Additionally, SV-HotSpot groups dependent peaks that are likely driven by the same SV events and have similar consequences on the expression of nearby genes into peak families. To achieve this, after the peaks are identified, those associated with the same gene are tested for dependency using a Fisher’s exact test. If peaks are found to be dependent (significant overlap of the samples harboring SVs between the peaks), they are grouped as a peak family. The top-ranked peak (the peak with highest count of samples harboring the hotspot SVs) is reported as the representative of the peak family.

Finally, SV-HotSpot generates multiple visualizations (Fig. 2 top panel, Fig. 3) for interpretation of the genomic context and the association between SVs and gene expression. In these visualizations, SV-HotSpot overlays multiple tracks to show copy number alterations, SV breakpoint aggregation, segments of duplications and deletions, gene and regulatory element annotation, and ChIP-Seq coverage in close proximity to the peaks and its nearby genes (Fig. 3a). In addition, the expression of nearby genes is plotted to highlight associations with recurrent SVs (Fig. 3b), with different types of SVs (Fig. 3c), and with copy number status of both the peak and nearby genes (Fig. 3d). SV-HotSpot also provides an additional visualization of the distribution of identified peaks on each chromosome (Fig. 2, top panel). Furthermore, SV-HotSpot generates a custom track file for each chromosome that can be viewed on the UCSC Genome Browser.

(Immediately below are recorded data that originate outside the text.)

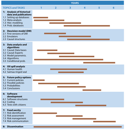 The partnership of the project include experts of emission modeling, security supply modeling and logistic solutions modeling, interdisciplinary risk analysis, policy design, economic research, insurance policy, legislation and risk communication (see consortium). The integration of knowledge in ILVES approach involves a great deal of interaction among all these disciplines, and to this end the information will be collected into one web based platform. We have a high number of letters of commitment from outsiders: City of Helsinki, Ministry of Traffic and Communication, Environment Ministry, The Waterway Association of Finland, the Finnish Border Guard, CISRO Australia.
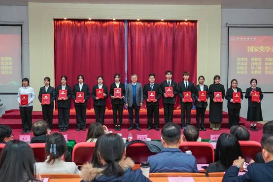 学校校长王庭槐为国家励志奖学金获得者颁奖
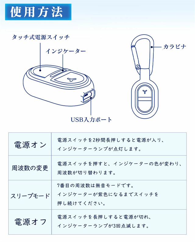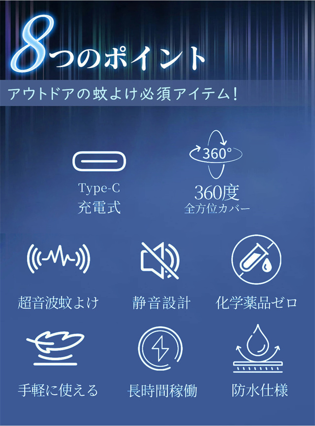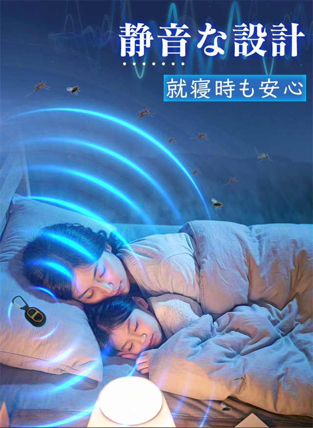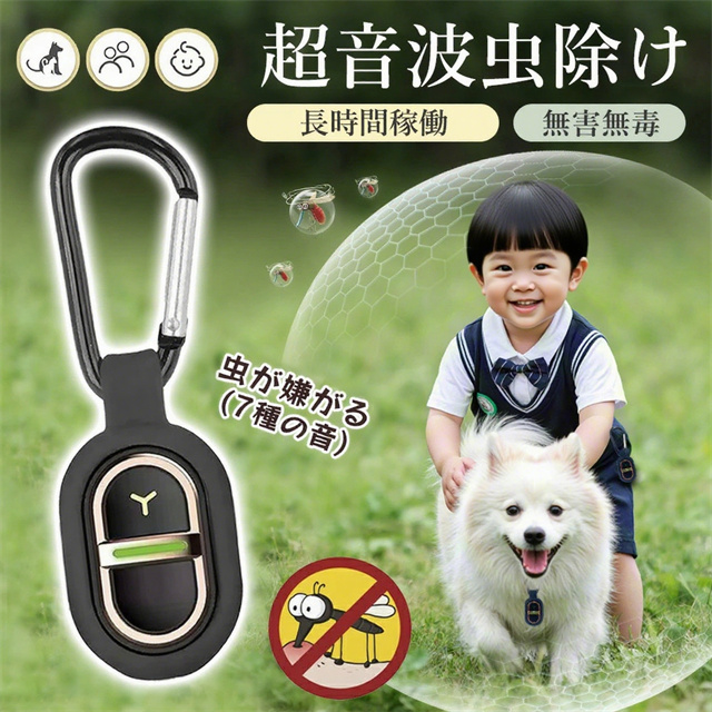 薬剤不要!音で蚊を寄せつけない 人体に無害な超音波を発生させて蚊を遠ざける、安心&安全の蚊よけグッズです。薬剤・火・煙は一切使わないので、小さなお子様やペットのいるご家庭にもおすすめ! USB充電式で繰り返し使える! 乾電池不要!USB充電タイプなので、モバイルバッテリーやPCから手軽に充電OK。一度の充電で長時間使用できて、経済的&エコロジー◎ 防雨設計で屋外でも大活躍! 防雨対応ボディで、急な雨や湿気の多い場所でも使用可能。ベランダやキャンプ、通勤・通学のリュックなどにも安心して使えます。 わずか15g!超軽量で持ち運びラクラク 本体はわずか15gの超軽量設計。バッグやポケットに入れても邪魔にならず、毎日持ち歩けるコンパクトサイズです。 カラビナ付きでどこでも装着OK 便利なカラビナ付きだから、バッグ・ベビーカー・テント・腰ベルトなどに簡単取り付け可能!アウトドアやお出かけに大活躍です。 静音&ライトなしで快適な夜を 動作音はほぼ無音!LEDライトも不使用なので、睡眠中でも気にならず、赤ちゃんのそばでも安心して使えます。 家族みんなに安心の蚊対策 お子様・大人・高齢者・ペットにも対応。どんな世代にも優しい、ノンケミカル&繰り返し使える蚊よけ対策グッズです。 |

For analyses reported in the Results section, SV-HotSpot was run using a sliding window size of 100 kb, step size of 30 kb, peak merging distance of 50 kb, default parameters for peakPick, and peak merging parameters k = 1, delta = 5%. Only peaks smaller than 500 kb (except for those associated with altered expression of a COSMIC census gene25) and present in at least 15% of samples with an FDR < 0.05 and at least one of 12 expression associations significant at a p-value < 0.05 (Wilcoxon test) were retained. Additionally, only genes with mean expression > 10 TPM (Transcripts Per Million) in a group from a significant comparison were retained.